Seguro contra hurtos

La protección básica de la mayoría de los minoristas contra las pérdidas ocasionadas por actos criminales cometidos por “extraños” está constituida por esta modalidad de seguro que cubre las cajas fuertes con su contenido y las mercaderías en existencia.

Seguro contra pérdidas colaterales

Hay algunos tipos de negocios y ciertos establecimientos minoristas a los que, aun en el caso de que sus propias instalaciones quedaran destruidas, les es posible seguir funcionando mediante el arriendo de locales o equipos pertenecientes a terceros. Hay una modalidad especial de seguro que se denomina seguro contra pérdidas colaterales que cubre los gastos adicionales que implica la continuación de las actividades comerciales mediante el uso de instalaciones ajenas.

Seguro de lucro cesante

En el caso de que se produjera la paralización de las actividades comerciales de un negocio, las pérdidas indirectas o a consecuencia de la interrupción de los negocios son, con frecuencia, mucho más graves, por el perjuicio total que representan, que las pérdidas directas causadas por un siniestro. Considérese, por ejemplo, las consecuencias que tendría para un empresario si se viera obligado a cerrar su negocio o fábrica durante varios meses por causa de un incendio. Aunque estuviera plenamente asegurado contra las pérdidas ocasionadas a sus propiedades y existencias, mientras se reconstruye la fábrica o el negocio no sólo dejaría de percibir utilidades, sino que tendría que seguir pagando los sueldos de su personal clave y los gastos permanentes del negocio y, al no percibir ingresos por la falta de producción o venta, se vería colocado en una situación difícil.

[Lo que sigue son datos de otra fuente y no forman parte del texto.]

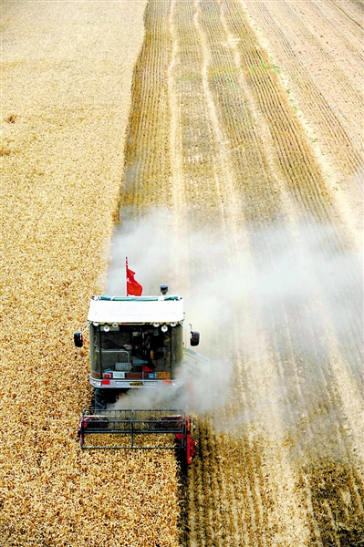 全国夏收小麦丰收已成定局,将实现新中国成立以来首次连续第六年增产,预计总产超过1225亿公斤。这是6月5日,收割机在河南省原阳县桥北乡收割小麦。
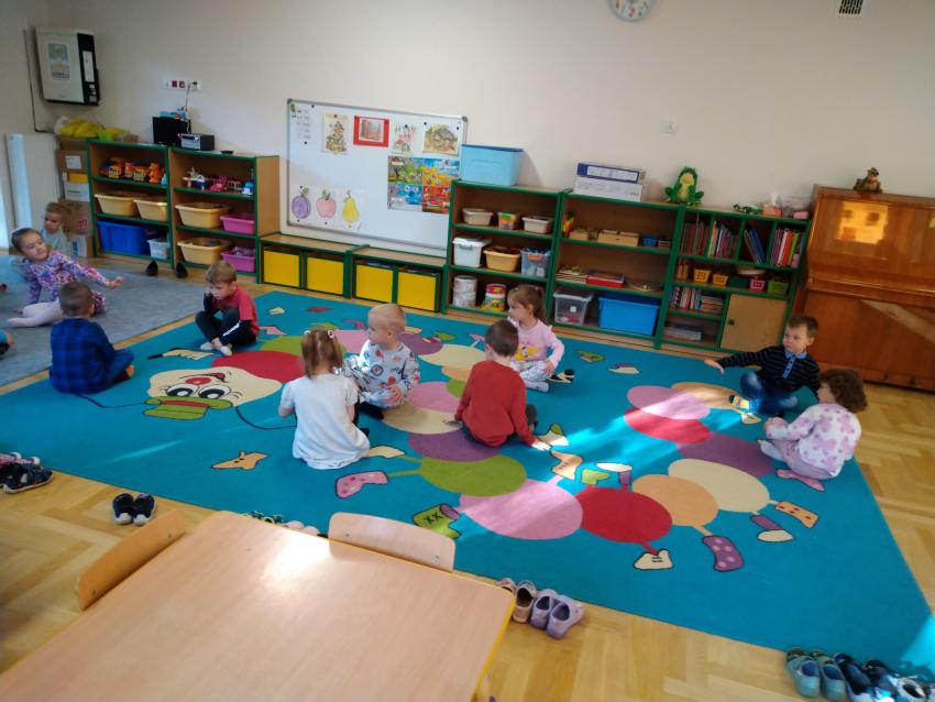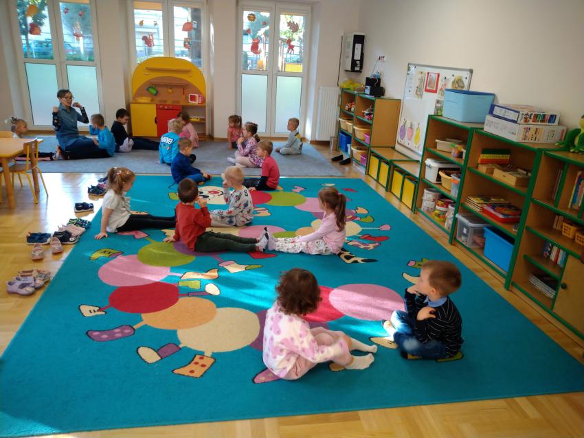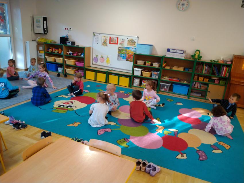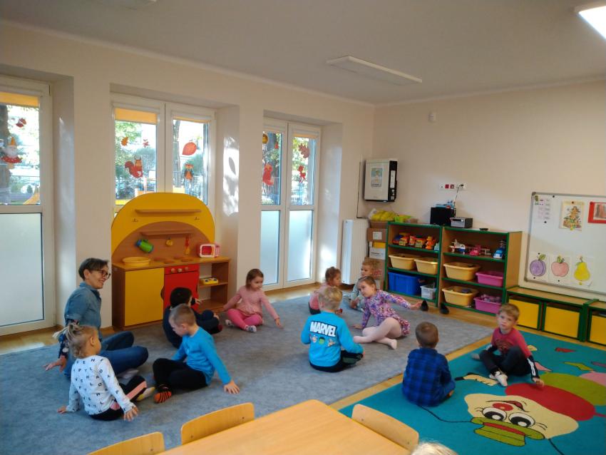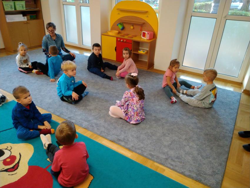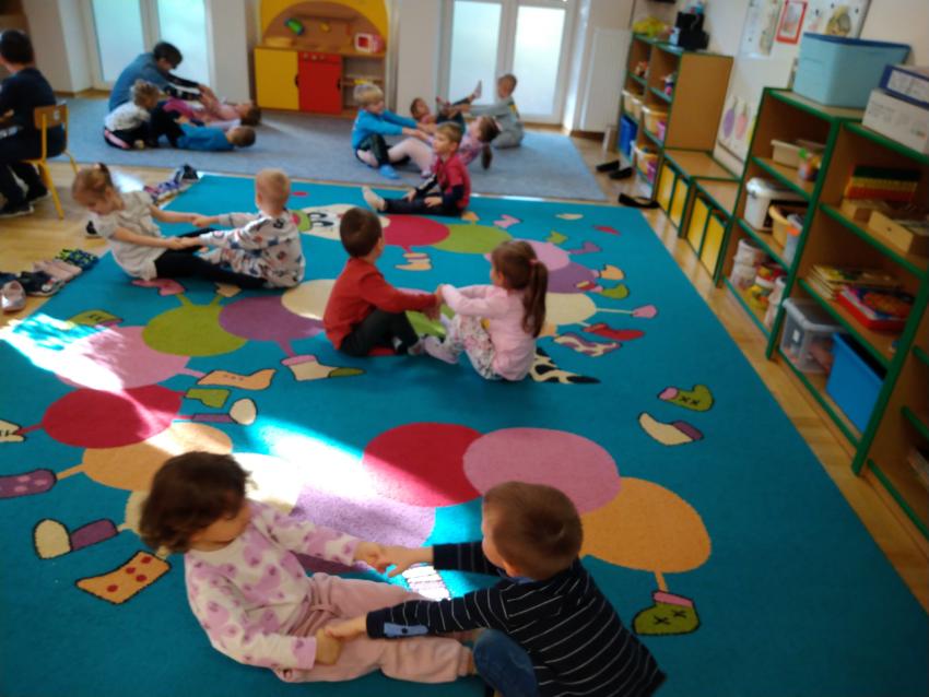 Zajęcia z p. Grażynką pt. Stymulacja rozwoju ruchowego i somatognozi w grupie Żabki
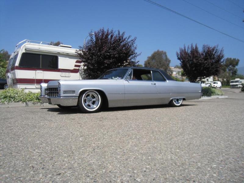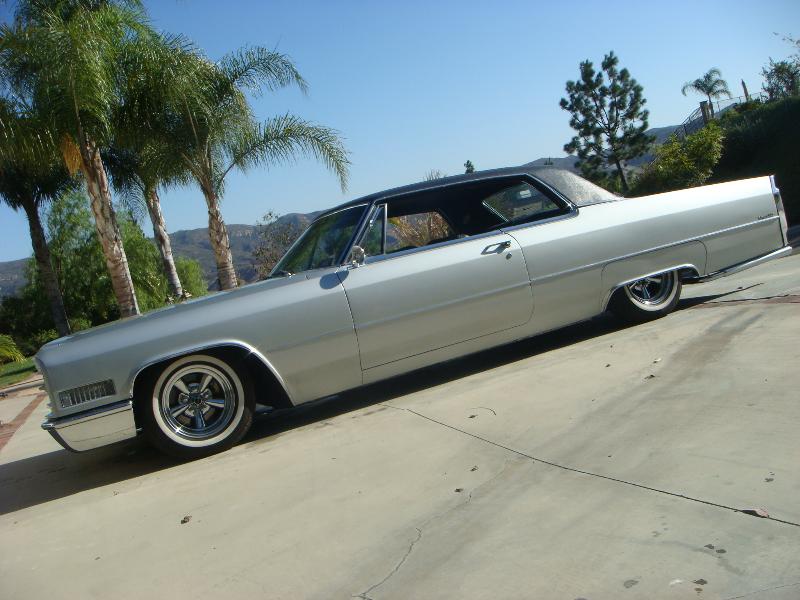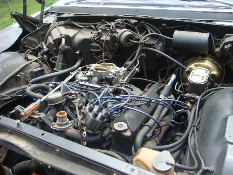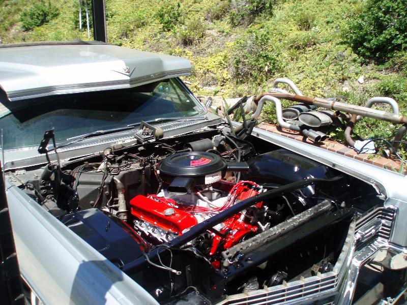 500 cubic inch Cadillac from a '70 Eldorado. 2" dual exhaust with bellflower tips
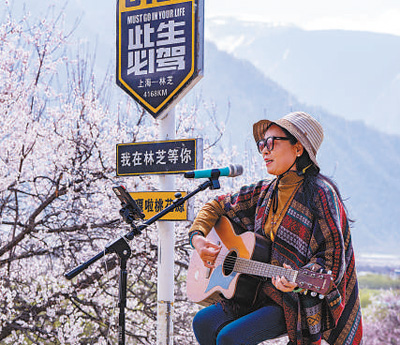 游客在桃花節(jié)現(xiàn)場(chǎng)即興彈唱。圖為記者徐馭堯攝
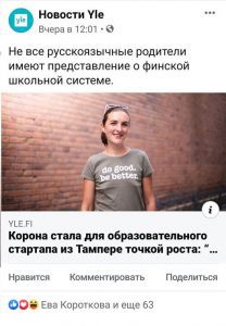 Финская газета «Keskisuomalainen» опубликовала интервью с Натальей Громовой в своем бумажном издании, а так же на сайте с платной подпиской. В интервью Наталья рассказывает о работе своей компании, о том, почему среди иностранных педагогов есть спрос на финское образование, что чаще всего находят интересным, что заимствуют и применяют, а что перенести нельзя. Так же Наталья рассказала об опыте организации стажировок и планах на будущее!
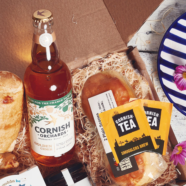 Pasty & Cider Cream Tea Hamper. Includes a hand-crimped pasty, a bottle of crisp, locally brewed cider and a traditional Cornish Cream Tea with two large scones.
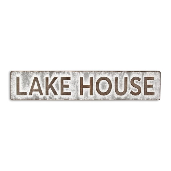 Handmade with care, this lake house sign brings some rustic charm and authenticity to your space. With materials and a finish that is purposefully distressed, this hanging wall decor will instantly liven things up and bring color and dimension to your walls. The rectangular design adds a modern touch while the galvanized metal construction ensures durability. Featuring rustic style elements, this piece enhances any interior, making it a perfect addition to your home decor collection. Enjoy its unique charm that resonates with character. 7.25-inch h x 36.25-inch w x 1.00-inch d.
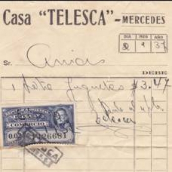 Finalmente mostramos una nota de la reconocida Casa “Telesca”, la que tuvo diversas ubicaciones aunque casi todas en el cruce de las calles Colón y Roosevelt (antes San José) de la época.
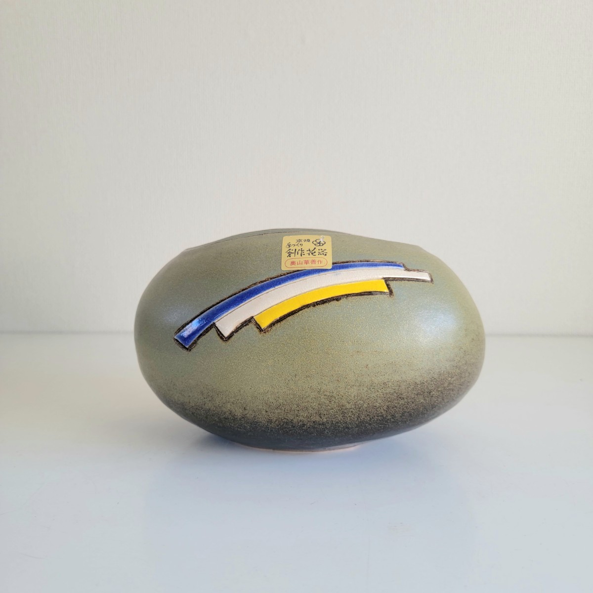 - 京焼 奥山華善 作 いけばな 池坊 作家陶器 華道師範所蔵品 花器 水盤 Japanese Vintage Style Flower Vase 和モダン デザイン 花瓶
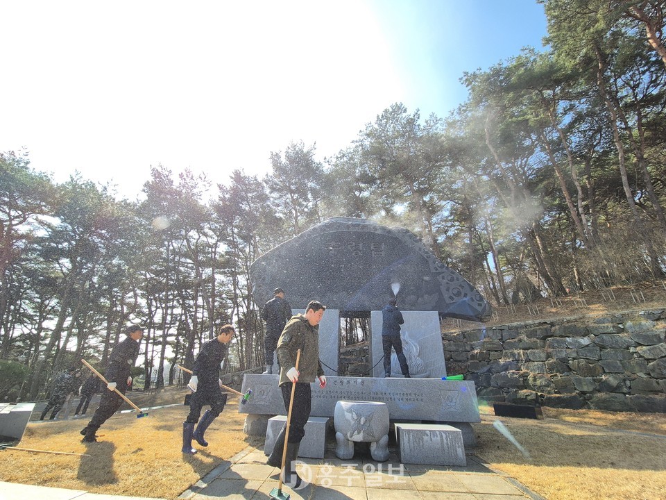 홍성군은 지난 21일 봄철 해빙기를 맞아 특수임무 유공자회 홍성군지회 회원들과 함께 충령사 주변 충령탑을 비롯한 탑과 비석을 대상으로 봄맞이 청소를 실시했다.<사진>
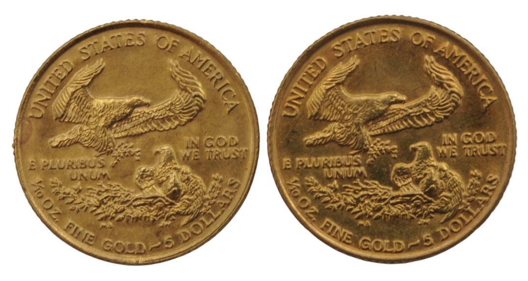 Two Eagle $5 Gold, 1990 and 1996, 1/10 ounce each.

El seguro contra la interrupción de los negocios, que se contrata en forma de un endoso agregado a la póliza de incendio, fue concebido para hacer frente a semejantes situaciones, y es de evidente utilidad sobre todo en aquellos casos en que el empresario tiene pocas reservas económicas. Todo pequeño empresario debería considerar seriamente la protección que ofrece.

Seguro de vida de la empresa

Los negocios también tienen vida; sin embargo, la suya no es una vida propia, sino el reflejo de la existencia de sus dueños o directores. Así, cuando se aseguran las vidas de estos últimos en beneficio de la empresa, en realidad, se está dotando al negocio de un seguro de vida que le permitirá seguir existiendo cuando ya haya dejado de hacerlo su personal directivo.

Esta aplicación del seguro de vida destinada a garantizar la continuidad del negocio reviste especial importancia en el caso de las pequeñas empresas, pues suelen resultar las más desvalidas cuando les falta el dueño o uno de sus hombres clave, ya que cuentan con pocos recursos para afrontar esta situación.

A opinión personal, el seguro debe tener una consideración especial tanto en las pequeñas como en las medianas empresas, que son las que cuentan con menos reservas financieras con que hacer frente a los posibles quebrantos que puedan producir los riesgos a que se hallan expuestas. Sin embargo, si bien su necesidad de cobertura ante semejantes eventualidades es evidente, su capacidad para atender al costo de las primas es limitada y necesita, por otra parte, un detenido estudio.